WHAT YOU HAVE TO DO: Copy the listing below in full and skip every picture.

DATA BELOW:
=== Section Start ===

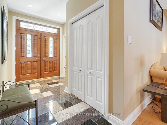 This grand Royal Edward II model offers over 3,100 sq. ft. on the main level, plus an additional 1,000 sq. ft. on the lower level. The main floor features generous living spaces, including a private office, a formal living room, a spacious dining room, a cozy family room, and a bright sunroom. The modern open-concept kitchen boasts a large eat-in area and an island with seating, perfect for entertaining family and friends. The lower level is designed for both relaxation and recreation, offering a full bathroom, a guest bedroom, a large rec room, a gym area, and a private cinema room for movie nights with loved ones. The level is finished with elegant engineered flooring, while the main floor showcases rich hardwood throughout. Upstairs, comfortable carpeting provides a warm and inviting atmosphere. Step outside to a professionally landscaped backyard featuring a grand sitting area, ideal for both relaxation and entertaining. This home truly has it all, a rare opportunity not to be missed. The sale price includes Cinema furnishings.
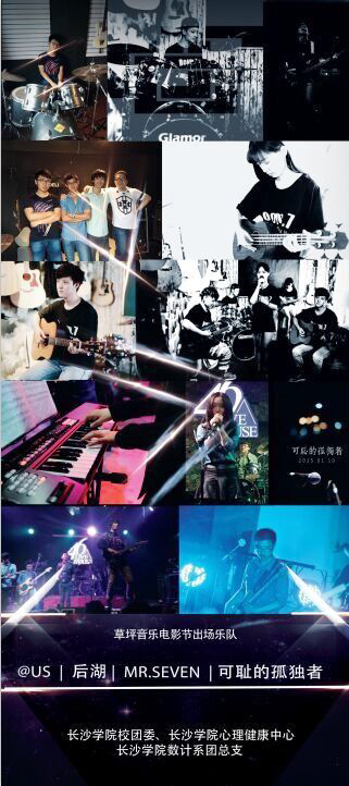 本次音乐电影节倡导"Free Fresh Friends"即"免费自由、清新独立、朋友至上"理念,创新性将"点赞青春向上向善"正能量微电影户外推广与高校音乐交流融合。当晚演出乐队涵盖湖大"后湖"乐队、中南"可耻的孤独者"乐队、K8体育·(中国)体育官方网站"MRSEVEN"乐队。本次微电影大赛"微影行"草坪音乐电影节以全新的尝试,让大家在电影和音乐的视听盛宴中释放新时代的青春,促进心灵的健康成长。
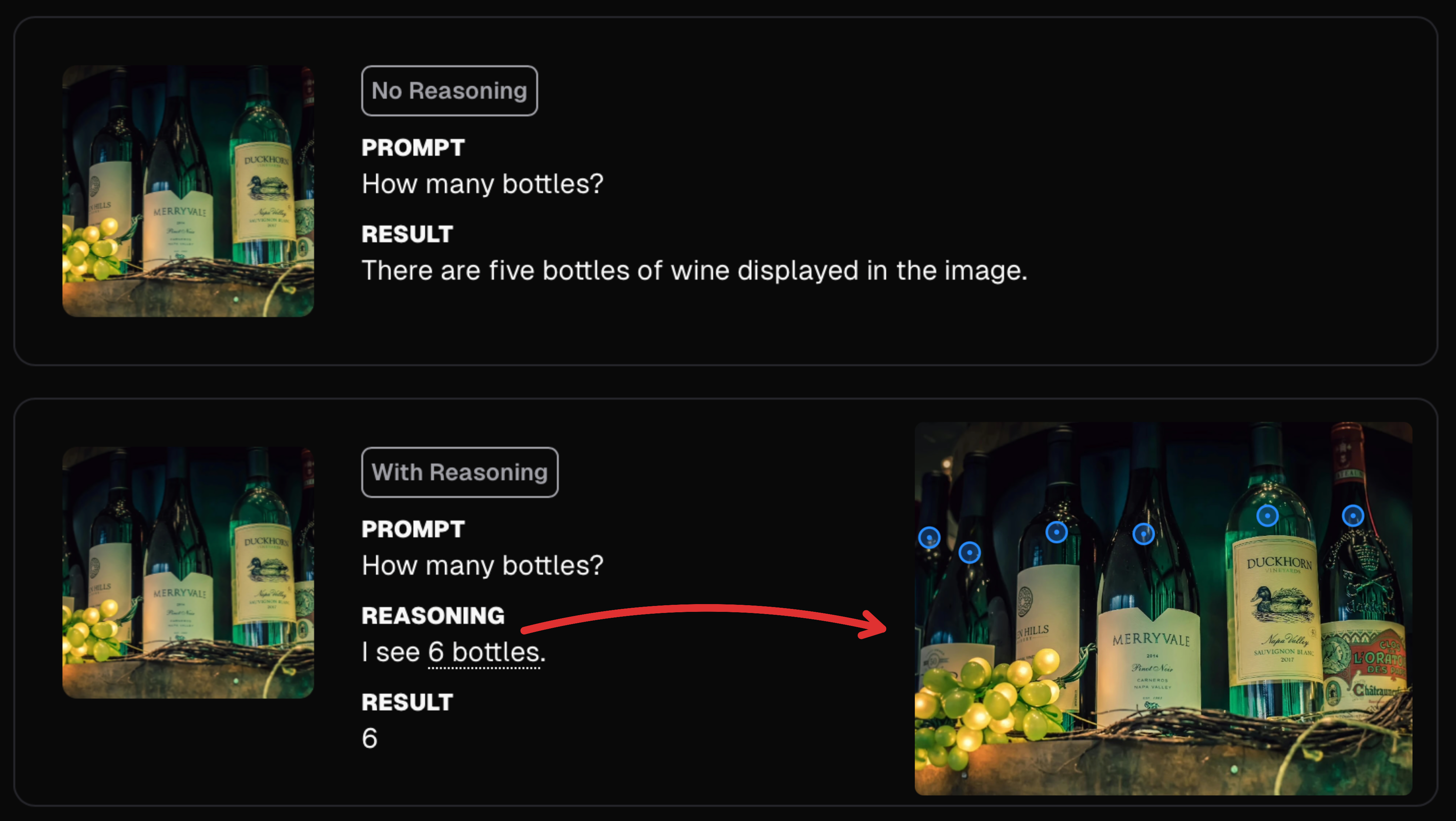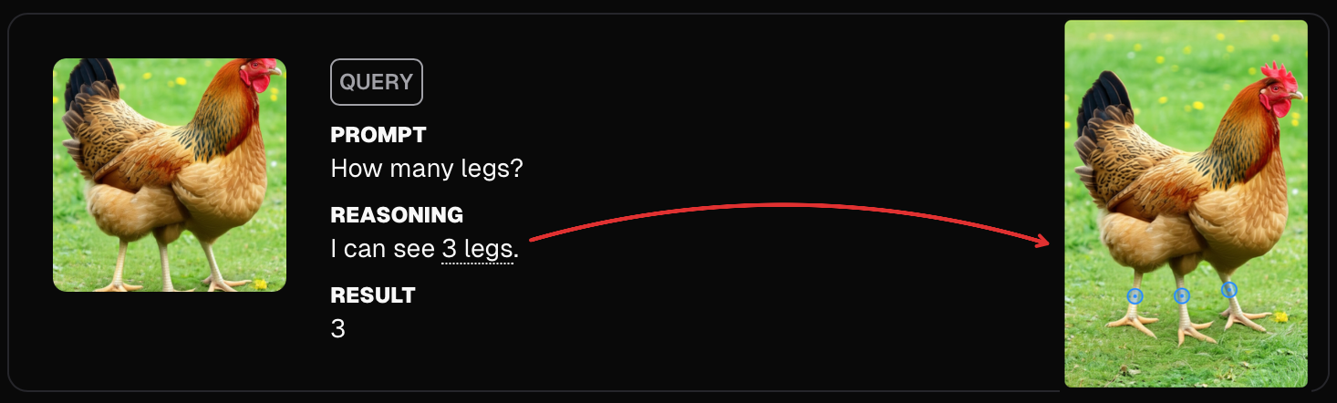 Moondream can now pause, look around the picture, and think step-by-step before answering. We call this grounded reasoning because the model can reason, using both logic and visual facts about the image to produce more accurate answers.

=== Section End ===

OUTPUT BELOW:
 This grand Royal Edward II model offers over 3,100 sq. ft. on the main level, plus an additional 1,000 sq. ft. on the lower level. The main floor features generous living spaces, including a private office, a formal living room, a spacious dining room, a cozy family room, and a bright sunroom. The modern open-concept kitchen boasts a large eat-in area and an island with seating, perfect for entertaining family and friends. The lower level is designed for both relaxation and recreation, offering a full bathroom, a guest bedroom, a large rec room, a gym area, and a private cinema room for movie nights with loved ones. The level is finished with elegant engineered flooring, while the main floor showcases rich hardwood throughout. Upstairs, comfortable carpeting provides a warm and inviting atmosphere. Step outside to a professionally landscaped backyard featuring a grand sitting area, ideal for both relaxation and entertaining. This home truly has it all, a rare opportunity not to be missed. The sale price includes Cinema furnishings.
 本次音乐电影节倡导"Free Fresh Friends"即"免费自由、清新独立、朋友至上"理念,创新性将"点赞青春向上向善"正能量微电影户外推广与高校音乐交流融合。当晚演出乐队涵盖湖大"后湖"乐队、中南"可耻的孤独者"乐队、K8体育·(中国)体育官方网站"MRSEVEN"乐队。本次微电影大赛"微影行"草坪音乐电影节以全新的尝试,让大家在电影和音乐的视听盛宴中释放新时代的青春,促进心灵的健康成长。
 Moondream can now pause, look around the picture, and think step-by-step before answering. We call this grounded reasoning because the model can reason, using both logic and visual facts about the image to produce more accurate answers.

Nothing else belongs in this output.